What was the most challenging class, in your DVM program?

 Can I pick two? cardiology & ophthalmology.

 

 Was there anything in particular about your BVSc program or the University of Melbourne that you liked?

I enjoyed that my faculty at Uni of Melbourne prepped us for the toughest aspect of the job: No, not euthanasia. Rather, it’s handling your clients. From sharing breakfast with farmers at 5 in the morning to speaking to a teary family about what to expect before our mentor Vet enters the room to euthanize their ailing pet, our mentors/professors constantly reminded us that animals are only half of the equation. The people the animals belong to are similarly important.

 

As a Doctor, have there been any particular cases that were your favorite? 

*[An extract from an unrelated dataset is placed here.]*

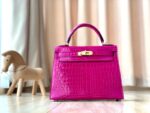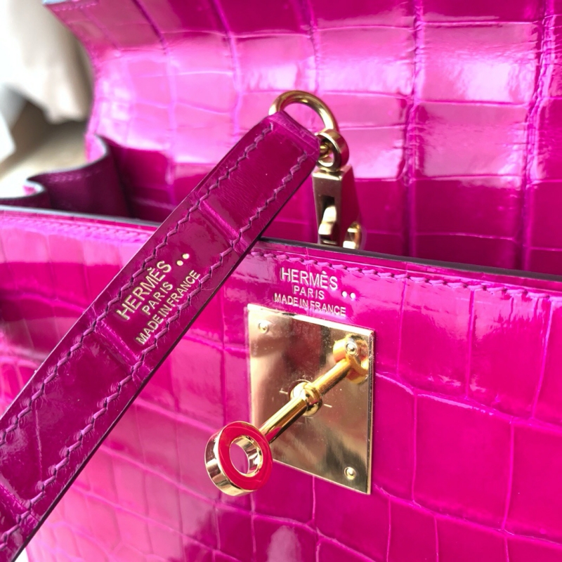 - 爱马仕Hermes Kelly系列 凯莉包25cm 鳄鱼皮 纯手工定制版 夜谭紫

No clear favorites, but I love treating the lymphoma cases, as those are usually

rewarding and you tend to form strong bonds with the pet + families.

 

Do you have a specialty or are you working towards one?

 No specialty yet. I am keen on soft tissue surgery and oncology.

 

 What has been your most challenging case?

 A dog that had what looked like a bee sting reaction, but the swollen muzzle turned out to be cancer with a secondary MRSA infection.

 

 Do you frequently have to research cases, on off-hours?

 ALL THE TIME!

 

Tell us about the animals that you currently share your home with.

I currently live with a 10yo (a guesstimated age) golden retriever Sally, and a 2yo African Grey Pazuzu. As the name suggests, Pazuzu is not to be trusted around sharp implements.
 
University of Melbourne

Pazuzu

University of Melbourne

Dr. Dawn’s dog Sally.

 

Tell us the story about how you found Pazu.

Pazu was found traipsing on the road one sunny afternoon by my friend Gin, who works with SPCA. He was brought into the shelter, and

after a week of nobody coming forward to claim him, they asked if I’d like to take care of him. And that’s how we came to be!

 

Do you bring Pazu or Sally to work with you?

Pazu and Sally have both been to work with me, but they prefer the comfort of home, so I only bring them to work occasionally!

 

Have you read or listened to anything worth sharing? 

Check out Ted Morris – a veterinarian who also happens to perform standup comedy!

 

 Do you have any last words of wisdom?

 It’s worth the climb. It’s going to be one of the hardest things you’ll ever do, but it’s worth it.

You are going to find yourself crying in the middle of the supermarket at some point but DON’T GIVE UP!